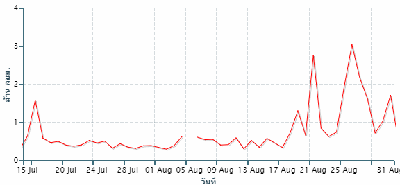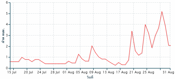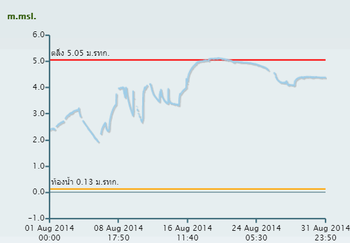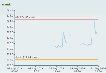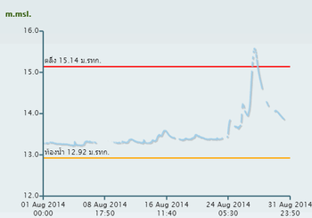 จากการตรวจวัดระดับน้ำโดยสถานีโทรมาตรตรวจวัดระดับน้ำของสถาบันสารสนเทศทรัพยากรน้ำและการเกษตร (องค์การมหาชน) พบว่า จากเหตุการณ์ฝนตกช่วงเดือนสิงหาคม ทำให้เกิดน้ำล้นตลิ่งในหลายจุด
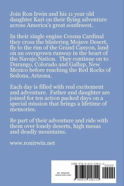 A fascinating adventure unfolds as a 62 year old father and his 11 year old daughter set off on a thrilling ten day flight across the vast and rugged terrain of the American southwest. Join Ron and Kari as they fly across the blazing Mojave Desert to the rim of the Grand Canyon. Thrill at their landing on a rugged runway in the heart of the Navajo Nation. Be with them as they fly to the Rocky Mountains and then across the breath taking but unforgiving land of New Mexico and Arizona. A great book for adventurers of all ages.
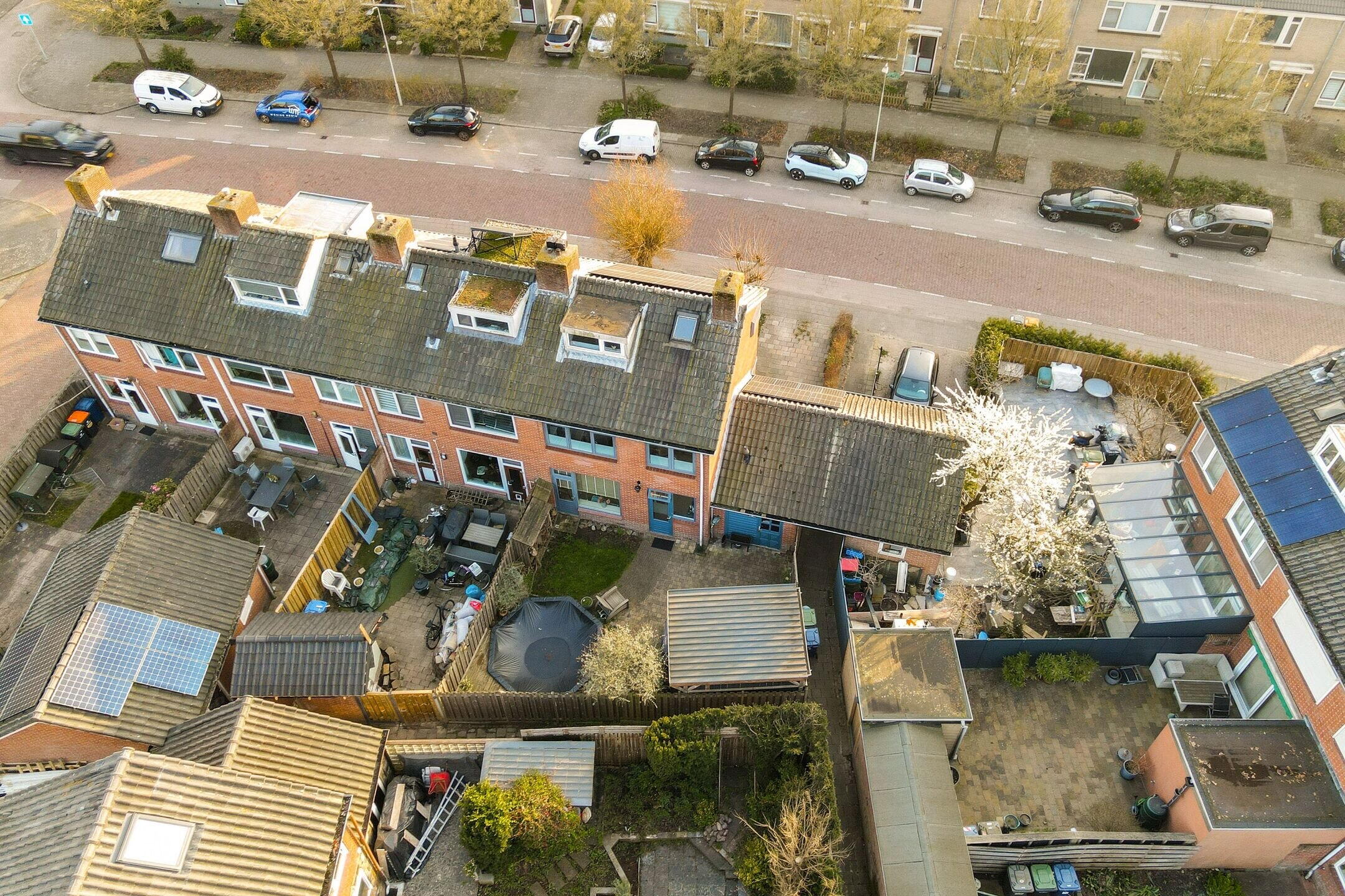 De voortuin (ca. 50 m²) is gedeeltelijk omheind met daarachter een plantenperk voorzien van vaste beplanting en siergrassen. De eigen oprit -inclusief een aan de zijgevel bevestigde laadpaal- biedt parkeergelegenheid en toegang tot de garage. Deze laatste beschikt naast de cv-ketel over elektra, water, een bergzolder en toegang tot de achtertuin..
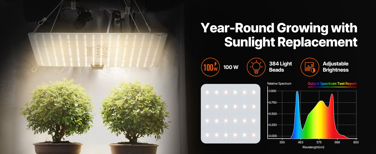 Vďaka vysokoúčinnému systému osvetlenia LED s plným spektrom pokrýva stan pre izbové rastliny základné vlnové dĺžky pre všetky fázy rastu - od klíčenia až po kvitnutie. Vďaka nízkemu tepelnému výkonu je vhodný na dlhodobé používanie v interiéri.
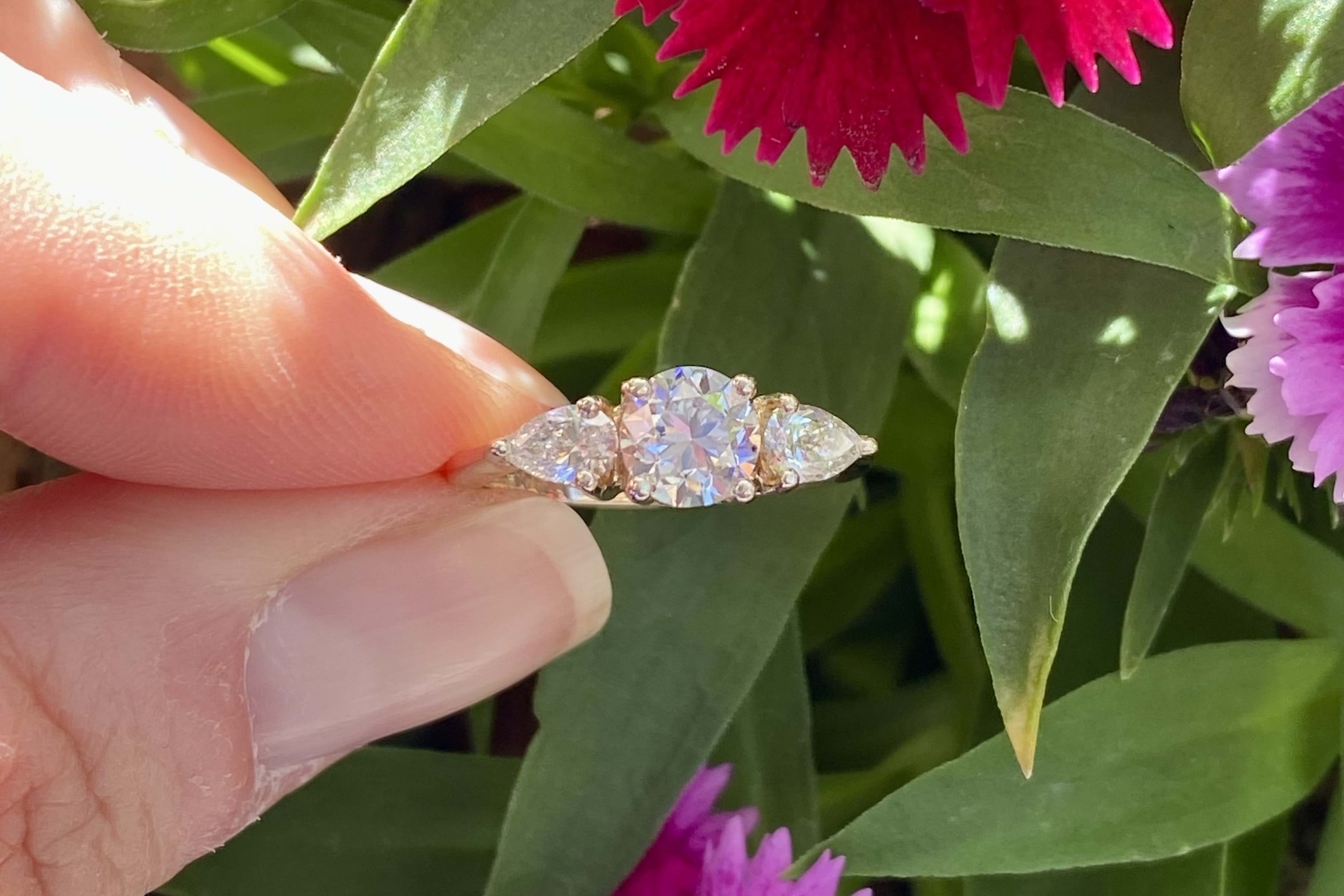 A lovely 9ct yellow gold ring featuring a 0.90ct GIA certified round brilliant cut diamond (G colour, SI2 clarity) four claw set in the centre, with a shimmering pearshape diamond set on each side. The two pearshape diamonds total 0.50ct (G colour, SI clarity). Finger size J+. Independent Valuation & GIA Certificate Supplied.

______

▸ PROMPT: An acceptable answer consists of the lines above from the one holding "Vďaka vysokoúčinnému systému" to the end of the data, repeated exactly and containing no pictures.

▸ SOLUTION TO THIS EXERCISE:
 Vďaka vysokoúčinnému systému osvetlenia LED s plným spektrom pokrýva stan pre izbové rastliny základné vlnové dĺžky pre všetky fázy rastu - od klíčenia až po kvitnutie. Vďaka nízkemu tepelnému výkonu je vhodný na dlhodobé používanie v interiéri.
 A lovely 9ct yellow gold ring featuring a 0.90ct GIA certified round brilliant cut diamond (G colour, SI2 clarity) four claw set in the centre, with a shimmering pearshape diamond set on each side. The two pearshape diamonds total 0.50ct (G colour, SI clarity). Finger size J+. Independent Valuation & GIA Certificate Supplied.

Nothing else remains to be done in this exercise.